Spaces:

Zappandy
/

Kirana_AI

Sleeping

App Files Files Community

Kirana_AI / docs /deployment_setup.md

Zappandy

Deploy to HF Space

dae60e5 16 days ago

preview code

Raw

History Blame Contribute Delete

7.66 kB

	# Deployment Setup: Modal → HF Space

	This guide walks through deploying the three Modal model services and wiring
	their endpoint URLs into the public Hugging Face Space as secrets.

	---

	## What gets deployed

	\| Service \| Model \| Env var \| App name \|
	\|---------\|-------\|---------\|----------\|
	\| Receipt OCR \| MiniCPM-V 4.6 \| `MODAL_RECEIPT_ENDPOINT` \| `dukaan-saathi-receipt-vlm` \|
	\| Speech ASR \| Distil-Whisper small \| `MODAL_SPEECH_ENDPOINT` \| `dukaan-saathi-speech-asr` \|
	\| Voice NLU \| Qwen2.5-1.5B-Instruct \| `MODAL_NLU_ENDPOINT` \| `dukaan-saathi-command-nlu` \|

	All three are optional — the app falls back to deterministic parsers when any
	endpoint is missing.

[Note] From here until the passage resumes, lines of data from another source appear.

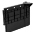
48-22-8040 Divisor para caja PACKOUT™
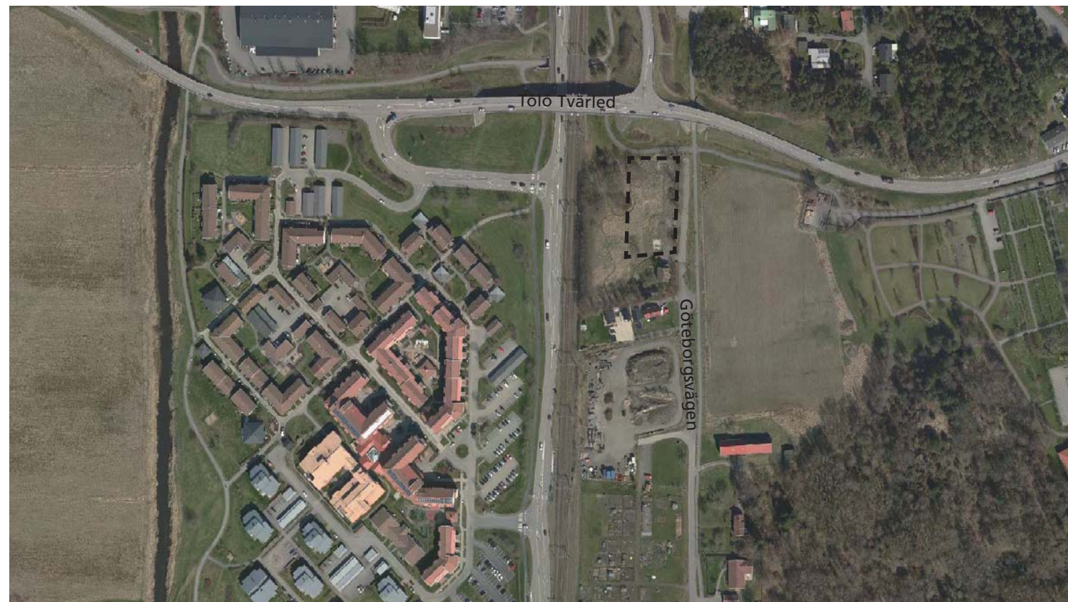
Planområdets läge intill Göteborgsvägen, strax söder om Tölö Tvärled
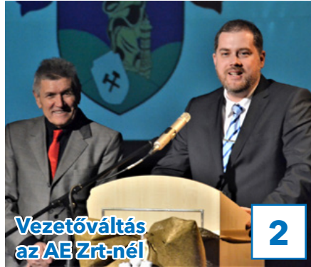
Vezetőváltás az AE Zrt-nél

32. évfolyam, 1. szám, 2019. január 18., péntek
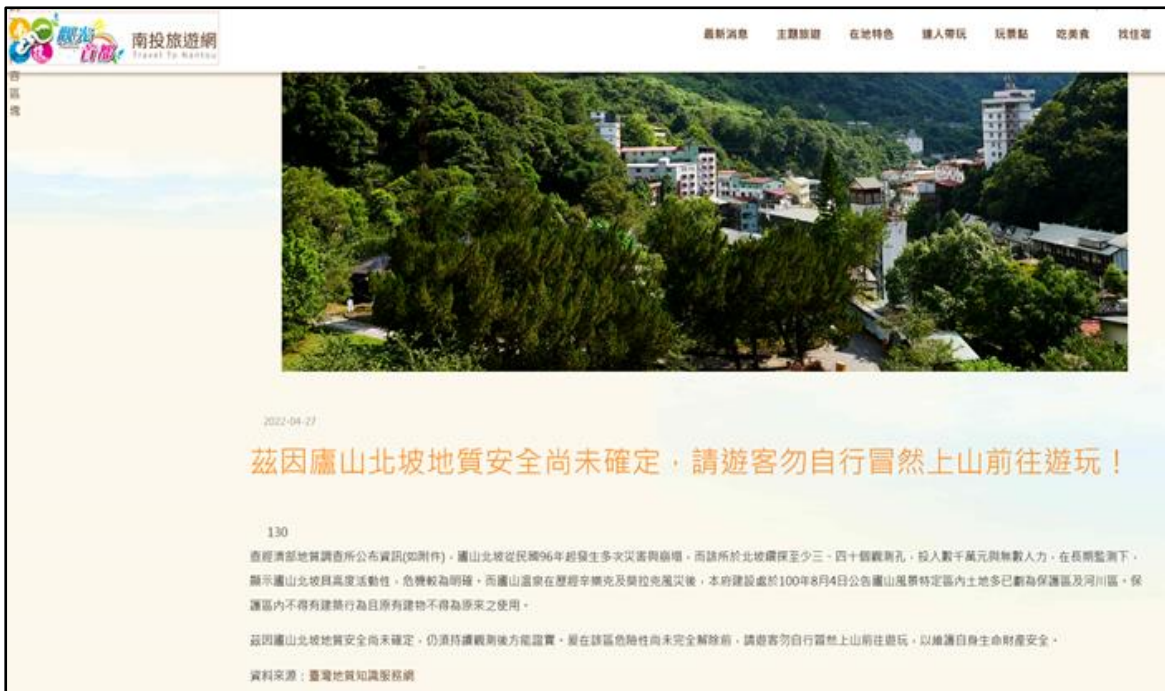
附圖 4、南投縣政府於 111 年 4 月 27 日在南投旅遊網公告之警 示
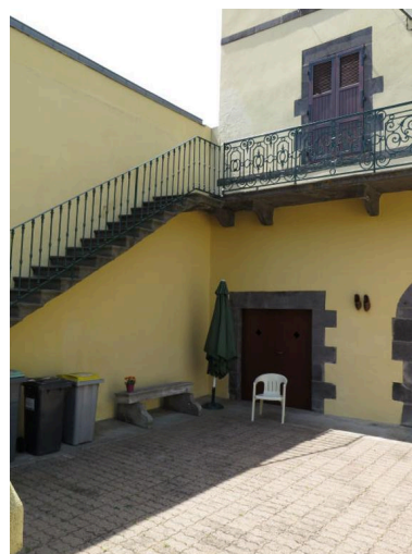
Vue partielle de l'escalier et du balcon
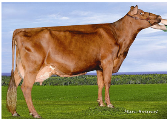
KAMOURASKA ORRA XUBY
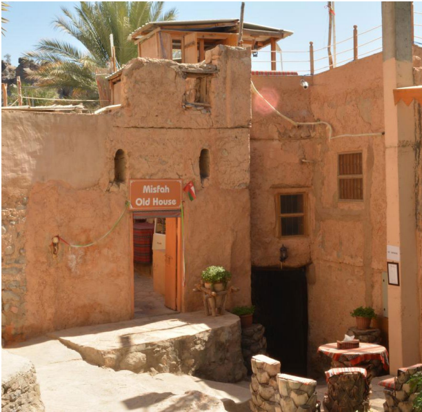
Guesthouse, Misfah Al Abriyyin
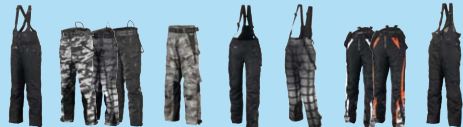
Scenic side 7 Halifax side 8 Cardinal side 10 Willow side 11 Osborn side 12 Lions side 17 Creek side 18
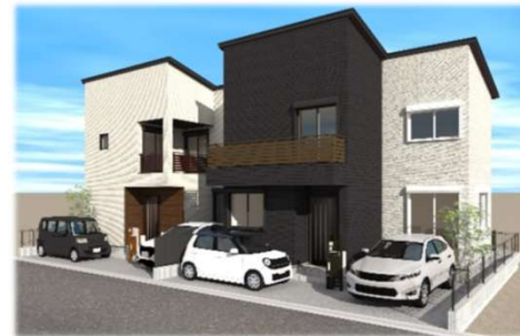
サンヨーホームズ 建物参考プラン
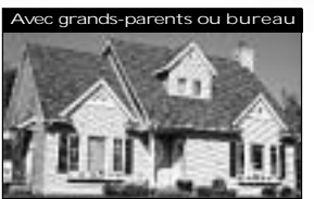
Avec grands-parents ou bureau Superficie habitable 2600 pc avec parc naturel, terrain 14 350pc avec services.
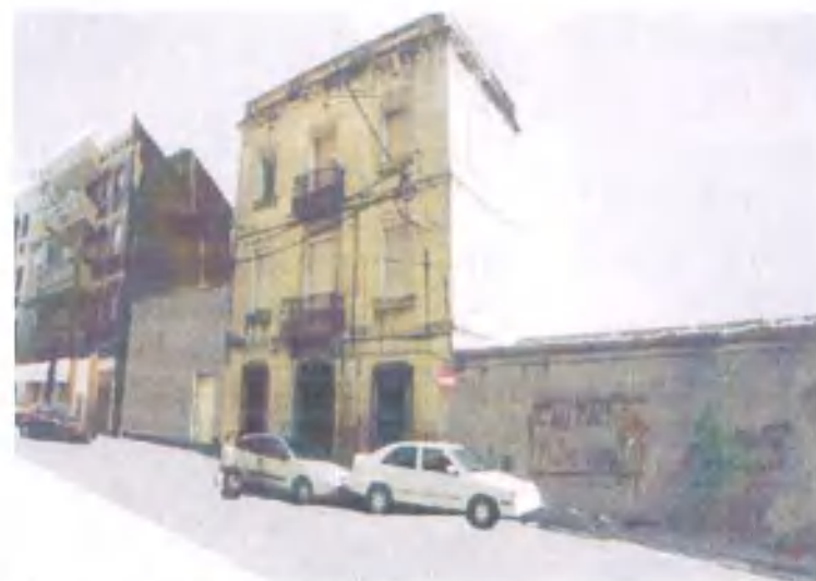
Fotomuntatge del carrer Pedró

Localització: Carrer Pedró, 24 (estat actual) - Carrer Pedró, 14* (proposta de trasllat)
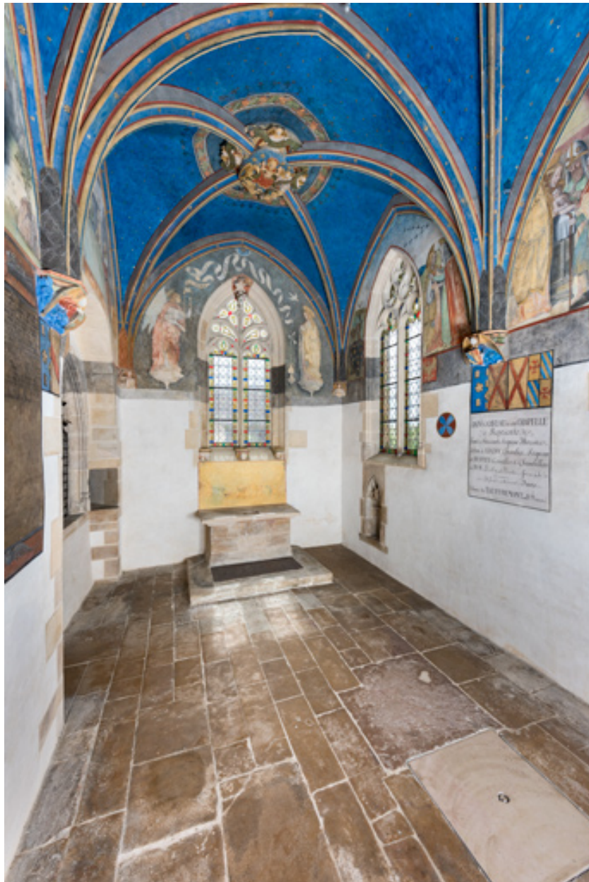
Chapelle de Lugny (vue intérieure en direction du sud-est).
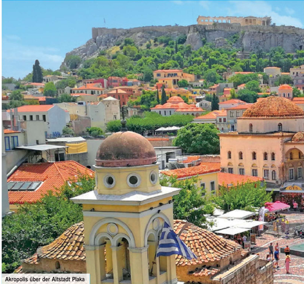
Akropolis über der Altstadt Plaka
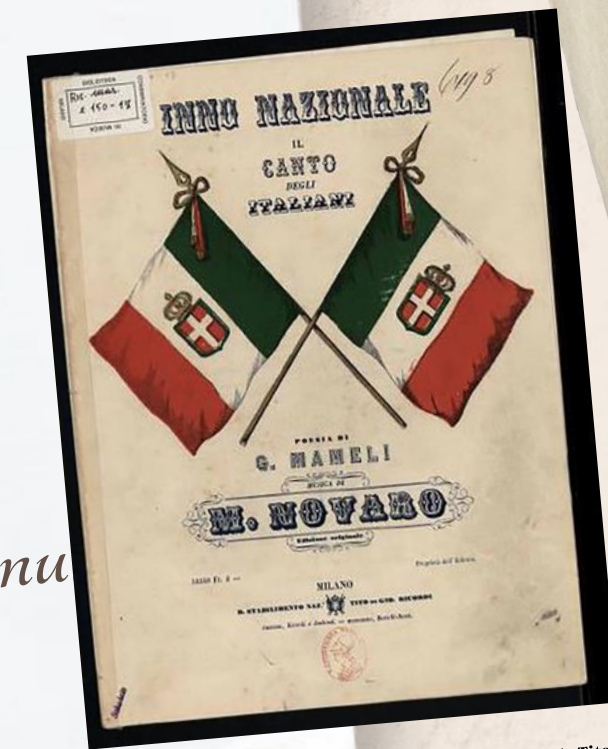
Copertina dell'edizione del 1860 del 'Canto degli Italiani' stampata da Tito Ricordi

Deploy whichever you want active on the Space.

	---

	## Part 1 — Prerequisites

	### 1.1 Modal account and CLI

	Create a free Modal account at https://modal.com if you do not have one.

	Install the Modal CLI and log in:

	```bash
	uv add modal # adds to this project's venv
	uv run modal setup # opens a browser to authenticate
	```

	After `modal setup` completes, verify you are logged in:

	```bash
	uv run modal token show
	```

	You should see your workspace name (e.g., `zappandy`).

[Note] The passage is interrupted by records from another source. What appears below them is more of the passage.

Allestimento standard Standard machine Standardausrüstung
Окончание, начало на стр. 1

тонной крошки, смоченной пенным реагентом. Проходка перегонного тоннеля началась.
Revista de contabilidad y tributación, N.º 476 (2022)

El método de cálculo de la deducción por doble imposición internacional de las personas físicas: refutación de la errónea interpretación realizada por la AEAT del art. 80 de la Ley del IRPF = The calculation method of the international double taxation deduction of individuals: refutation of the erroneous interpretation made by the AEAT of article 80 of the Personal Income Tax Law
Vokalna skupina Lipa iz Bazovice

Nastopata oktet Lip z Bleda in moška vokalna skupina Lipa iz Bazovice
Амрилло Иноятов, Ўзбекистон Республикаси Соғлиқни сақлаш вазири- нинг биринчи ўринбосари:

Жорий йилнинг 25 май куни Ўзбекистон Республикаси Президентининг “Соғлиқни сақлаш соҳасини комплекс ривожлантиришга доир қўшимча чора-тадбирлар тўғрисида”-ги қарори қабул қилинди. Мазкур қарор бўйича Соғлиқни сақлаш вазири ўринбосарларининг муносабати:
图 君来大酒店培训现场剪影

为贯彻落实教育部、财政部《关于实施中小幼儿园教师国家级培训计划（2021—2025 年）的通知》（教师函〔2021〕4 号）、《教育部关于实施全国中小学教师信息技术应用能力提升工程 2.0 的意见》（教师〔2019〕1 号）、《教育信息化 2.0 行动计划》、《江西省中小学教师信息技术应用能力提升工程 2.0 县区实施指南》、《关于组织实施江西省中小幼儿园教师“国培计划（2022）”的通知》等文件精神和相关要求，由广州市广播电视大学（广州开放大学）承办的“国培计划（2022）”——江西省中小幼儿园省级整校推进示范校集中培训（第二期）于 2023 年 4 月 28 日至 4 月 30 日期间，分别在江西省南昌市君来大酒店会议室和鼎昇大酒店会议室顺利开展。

	### 1.2 Hugging Face account

	You need a Hugging Face account with write access to the Space at
	`https://huggingface.co/spaces/Zappandy/Kirana_AI`. If this is your Space
	you already have access.

	---

	## Part 2 — Deploy Modal services

	Run each deploy command from the project root. Each command:

	1. Deploys (or re-deploys) the Modal app
	2. Fetches the generated endpoint URL from Modal
	3. Writes it to your local `.env` file

	### 2.1 Receipt image OCR (MiniCPM-V)

	```bash
	scripts/modal_deploy.sh modal_apps/receipt_vlm_service.py
	```

	When done, `.env` will contain:

	```text
	MODAL_RECEIPT_ENDPOINT=https://<workspace>--dukaan-saathi-receipt-vlm-api.modal.run/extract
	```

	Verify it is responding (replace with your actual URL from `.env`):

	```bash
	source scripts/_env.sh
	curl "${MODAL_RECEIPT_ENDPOINT%/extract}/health"
	```

	Expected response:

	```json
	{"status": "ok", "model": "openbmb/MiniCPM-V-2_6"}
	```

	First call may take 30–60 seconds while the GPU container starts. Subsequent
	calls within the `scaledown_window` are fast.

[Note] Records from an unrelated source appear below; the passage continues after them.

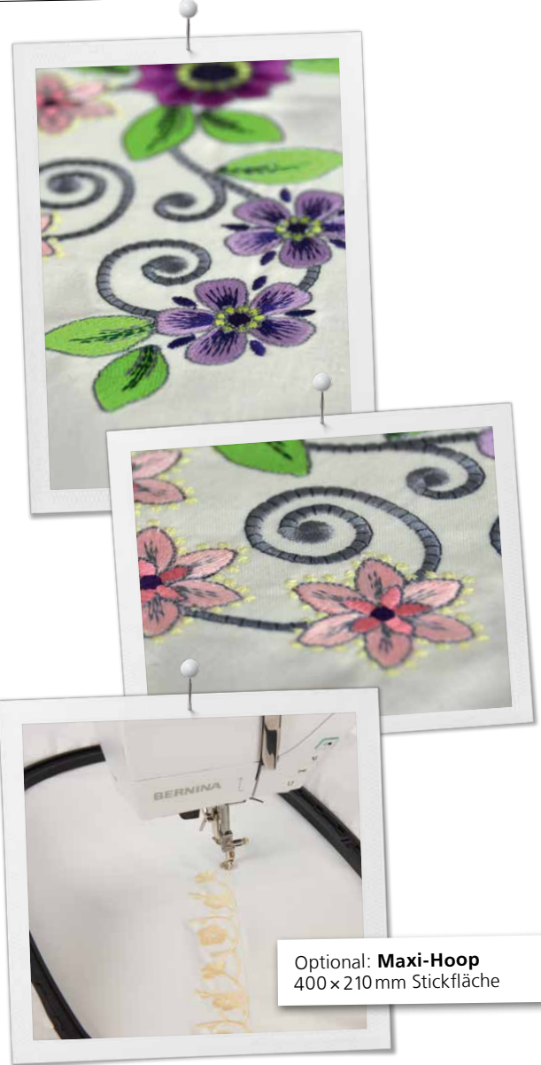
Optional: Maxi-Hoop 400 x 210 mm Stickfläche
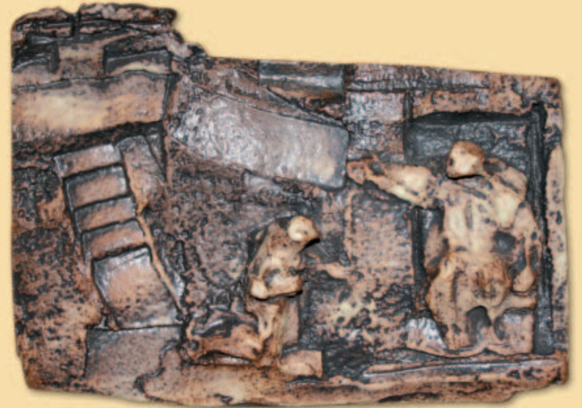
3.- «VETE A COMULGAR»
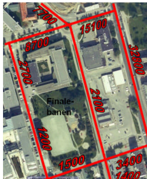
Trafikk år 2010 med tiltaket

Årsdøgnetrafikken i Olav Kyrres gate og Edvard Griegs gate økes begge med 1500 kjøretøy i årsgjennomsnitt. Trafikkøkningen i disse gatene forventes ikke å medføre endrede avviklingsproblemer.

	### 2.2 Speech transcription (Distil-Whisper)

	```bash
	scripts/modal_deploy.sh modal_apps/speech_asr_service.py
	```

	When done, `.env` will contain:

	```text
	MODAL_SPEECH_ENDPOINT=https://<workspace>--speech-transcribe.modal.run
	```

	Verify:

	```bash
	source scripts/_env.sh
	SPEECH_HEALTH="${MODAL_SPEECH_ENDPOINT/speech-transcribe/speech-health}"
	curl "$SPEECH_HEALTH"
	```

	Expected:

	```json
	{"status": "ok", "model": "distil-whisper/distil-small.en"}
	```

	### 2.3 Voice command NLU (Qwen2.5-1.5B-Instruct)

	```bash
	scripts/modal_deploy.sh modal_apps/command_nlu_service.py
	```

	When done, `.env` will contain:

	```text
	MODAL_NLU_ENDPOINT=https://<workspace>--nlu-extract.modal.run
	```

	Verify:

	```bash
	source scripts/_env.sh
	curl -s -X POST "$MODAL_NLU_ENDPOINT" \
	-H "Content-Type: application/json" \
	-d '{"command": "add Bun 12"}' \| python3 -m json.tool
	```

	Expected:

	```json
	{
	"intent": "add_stock",
	"product_name": "Bun",
	"quantity": 12,
	"unit": null,
	"confidence": "high",
	"model": "Qwen/Qwen2.5-1.5B-Instruct"
	}
	```

	---

	## Part 3 — Add secrets to the HF Space

	The HF Space container does not read your local `.env` file. You must add each
	endpoint URL as a Space secret through the Hugging Face web UI.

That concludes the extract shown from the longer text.